One sometimes sees a tendency to take certain position because one’s opponents are on the opposite side. IMHO the NY Times editorial page sometimes applies this sort of reasoning. E.g., their support of Clinton during the impeachment seemed to be based in part on their desire to oppose anything the right wing favored.

Considering that the founding fathers managed to write the entire constitution without even using the word God, it’s a shame that McCarthy had to add “under God” and “In God we trust”. I think it should be removed – IMO, it’s the best way to honor the principles upon which the USA was built.

eris, I have had my own flag moments–most recently when a very large flag near where I live was being flown at half mast to mourn the WTC. But pledging my allegiance to it as part of a morning ritual as a schoolchild was no more meaningful to me than was the principal’s announcement afterwards about the weather. (Actually, since whether we got to play outside or not depended on the latter, I’m sure I paid more attention to the principal). As an adult, pledging allegiance to the flag–say, at a baseball game with 35,000 other people–can be kind of neat. But then, no one is being made to do it there.
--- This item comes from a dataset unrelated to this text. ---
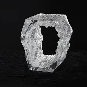 La Ice Cave Side Table adopte une forme plus sculpturale. Elle évoque une petite cavité de glace ou un fragment d’iceberg abstrait, avec des volumes irréguliers qui captent la lumière comme le ferait une surface gelée.

december: "One sometimes sees a tendency to take certain position because one’s opponents are on the opposite side. IMHO the NY Times editorial page sometimes applies this sort of reasoning. E.g., their support of Clinton during the impeachment seemed to be based in part on their desire to oppose anything the right wing favored."

This is pretty ridiculous. For one thing, the Times did not consistently decry the impeachment. This was in fact a subject for much grumbling over at The Nation which caters to a more consistently left clientele. For another, there were so many reasons why anyone from moderate Conservative to flaming leftwing radical would find the impeachment proceedings dubious and partisan in the extreme. Why would a reflexive desire to oppose anything the right favored necessarily have anything to do with it?

Don’t your liberal wife and daughter tell you anything about how our minds work? :wink:

Enjoy your bird (I don’t suppose you’re a vegetarian).